*DIRECTIONS*: Give back the exact lines of the material below from the one containing "入学式の前に毎年恒例の吹奏楽" through the one containing "Kristian Zahrtmann (1843–1917), watercolor", and no pictures.

*DATA SHOWN*:
****************************************

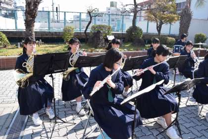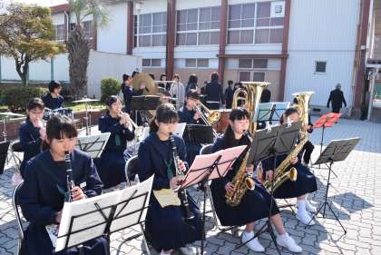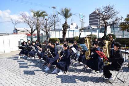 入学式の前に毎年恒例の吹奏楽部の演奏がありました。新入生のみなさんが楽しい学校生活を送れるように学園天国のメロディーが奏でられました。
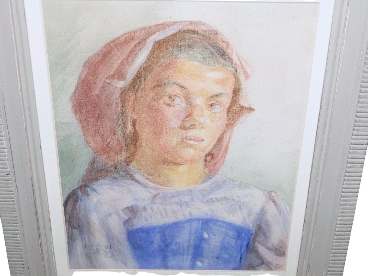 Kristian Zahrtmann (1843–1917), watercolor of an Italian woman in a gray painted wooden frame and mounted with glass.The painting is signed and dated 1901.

****************************************

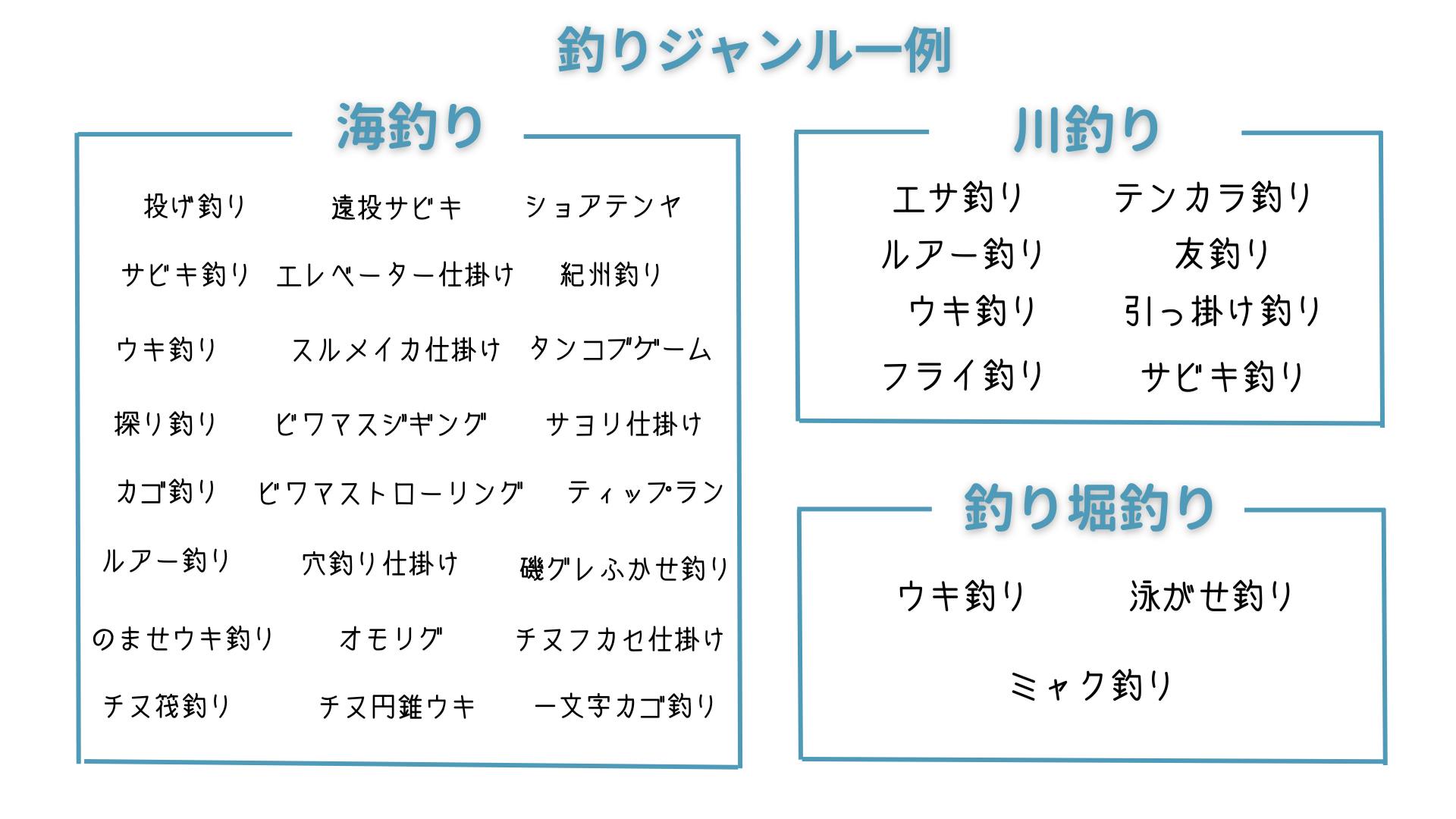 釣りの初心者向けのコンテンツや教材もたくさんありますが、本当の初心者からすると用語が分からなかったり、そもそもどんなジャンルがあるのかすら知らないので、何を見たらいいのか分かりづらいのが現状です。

****************************************

*PROBLEM SOLUTION*:
 入学式の前に毎年恒例の吹奏楽部の演奏がありました。新入生のみなさんが楽しい学校生活を送れるように学園天国のメロディーが奏でられました。
 Kristian Zahrtmann (1843–1917), watercolor of an Italian woman in a gray painted wooden frame and mounted with glass.The painting is signed and dated 1901.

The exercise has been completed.